PARC JOSAPHAT PARKI
Brüksel’in Schaerbeek/Schaarbeek Belediyesi’ndeki Türk Toplumu’nun ‘Eşekli Park’ olarak adlandırdığı Josaphat Park’ın gizemlerini, Belçika Turizm Rehberliği de yapan Ressam Nevzat Çopur’un kalemiyle yeniden tanımaya ne dersiniz?
Foto:www.1030.be
Şehir parkları, şehirlerde yaşayan insanların hayatlarında büyük bir öneme sahip.
Hayatın monotonluğundan ve stresinden kurtulmak için en etkili yol her zaman kendini doğanın kollarına bırakmaktır…

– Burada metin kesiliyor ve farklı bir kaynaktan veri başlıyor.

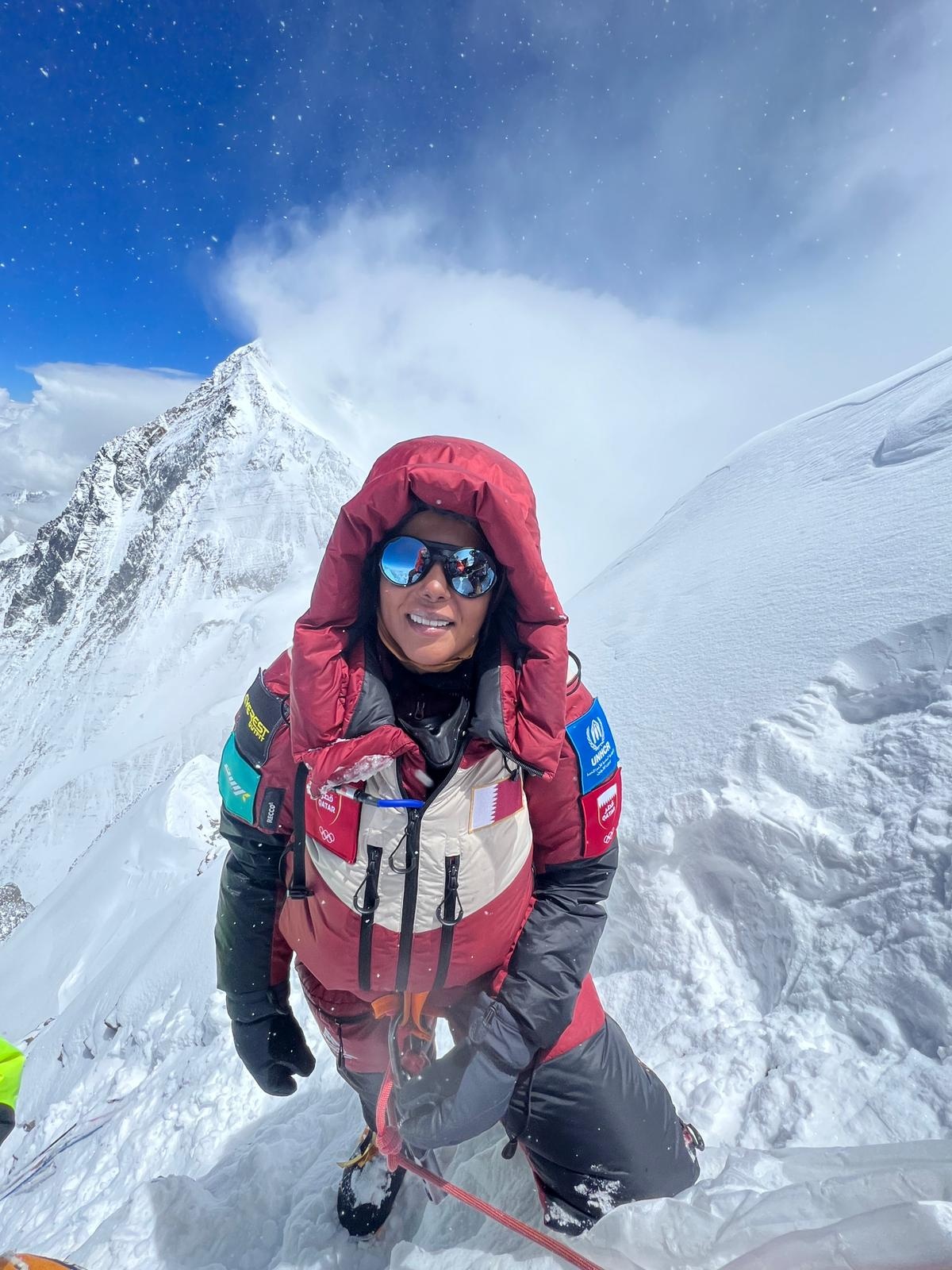 “As I pushed my limits and struggled to reach the top, I couldn’t help but think of the millions of refugees who embark on dangerous journeys to reach safety,” said Sheikha Asma Al Thani upon reaching the summit of Mount Everest on 7 June 2022.

Doğa ile kaynaşmak, negatif enerjiyi toprağa aktarmak bu sayede mümkündür.Aynı zamanda bu parklar şehirlerin akciğerleridir. Örnek olarak Barselona’daki park Güell, Münih’teki Englischer Garten, New York’taki Central park, Londra’daki Hyde park Tokyo’daki Ueno park, Amsterdam’daki Vondelpark dünyanın en popüler şehir parklarından bazılarıdır. Brüksel’in Schaerbeek semtindeki Josaphat parkı da bu parklardan bir tanesidir.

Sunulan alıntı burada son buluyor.